In this chapter, you assess the number of late orders and back orders, and test whether the differences in delivery times between the three shipping centers are statistically significant.

## Summarize the data

Descriptive statistics summarize and describe the prominent features of data. Use Display Descriptive Statistics to determine how many book orders were delivered on time, how many were late, and how many were initially back ordered for each shipping center.

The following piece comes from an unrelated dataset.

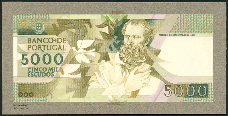 Banco de Portugal, an obverse and reverse composite essay on card for a 5000 escudos, Ch 1, ND (1977), dark brown and multicoloured, Antonio Sergio at left, arms at right, reverse Antonio Sergio at centre, value at right, also an obverse and reverse composite essay for a 5000 escudos, ND (1973), green, De Quental at right centre, reverse green, hands and chains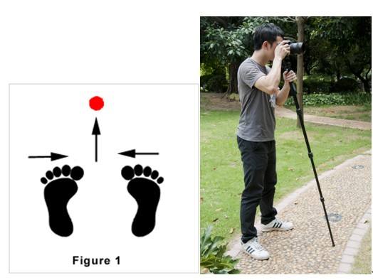 方法一(如下图):左脚和右脚平行或双脚稍微张开约10度角。根据三根腿的长度,独脚架放置大约在拍摄者双腿前2英寸,近似20度角。使用的独脚架云台使相机能在水平和垂直方向定位。让相机尽可能靠近使用者的胸膛,同时弯曲两个肘尽可能靠近你的体侧。左手紧握独脚架的顶端和相机底端,向地面适当用力下压独脚架,稳定独脚架。

### Display descriptive statistics

1. Open the sample data, ShippingData.MTW.
2. Choose Stat > Basic Statistics > Display Descriptive Statistics.
3. In Variables, enter Days.
4. In By variables (optional), enter Center Status.
For most Minitab commands, you only need to complete the main dialog box to execute the command. Often, you use sub-dialog boxes to modify the analysis or to display additional output, such as graphs.
5. Click Statistics.
6. Uncheck First quartile, Median, Third quartile, N nonmissing, and N missing.
7. Check N total.
8. Click OK in each dialog box.
###### Note

Changes that you make in the Statistics sub-dialog box affect the current session only. To change the default options for future sessions, choose Tools > Options. Expand Individual Commands and choose Display Descriptive Statistics. Choose the statistics that you want to display. When you open the Statistics sub-dialog box again, it displays your new options.

### Results for Center = Central

Statistics Total Variable Status Count Mean SE Mean StDev Minimum Maximum Days Back order 6 * * * * * Late 6 6.431 0.157 0.385 6.078 7.070 On time 93 3.826 0.119 1.149 1.267 5.983

### Results for Center = Eastern

Statistics Total Variable Status Count Mean SE Mean StDev Minimum Maximum Days Back order 8 * * * * * Late 9 6.678 0.180 0.541 6.254 7.748 On time 92 4.234 0.112 1.077 1.860 5.953

### Results for Center = Western

Statistics Total Variable Status Count Mean SE Mean StDev Minimum Maximum Days Back order 3 * * * * * On time 102 2.981 0.108 1.090 0.871 5.681
###### Note

The Session window displays text output, which you can send to Microsoft Word and Microsoft PowerPoint. For more information on sending output to PowerPoint, go to Presenting Results from Minitab.

### Interpret the results

The Session window displays each center’s results separately. Within each center, you can see the number of back orders, late orders, and on-time orders in the Total Count column:

• The Eastern shipping center has the most back orders (8) and late orders (9).
• The Central shipping center has the next most back orders (6) and late orders (6).
• The Western shipping center has the fewest back orders (3) and no late orders.

The Session window output also includes the mean, standard error of the mean, standard deviation, minimum, and maximum of delivery time in days for each center. These statistics do not exist for back orders.

## Compare two or more means

One of the most common methods used in statistical analysis is hypothesis testing. Minitab offers many hypothesis tests, including t-tests and ANOVA (analysis of variance). Usually, when you perform a hypothesis test, you assume an initial claim to be true, and then test this claim using sample data.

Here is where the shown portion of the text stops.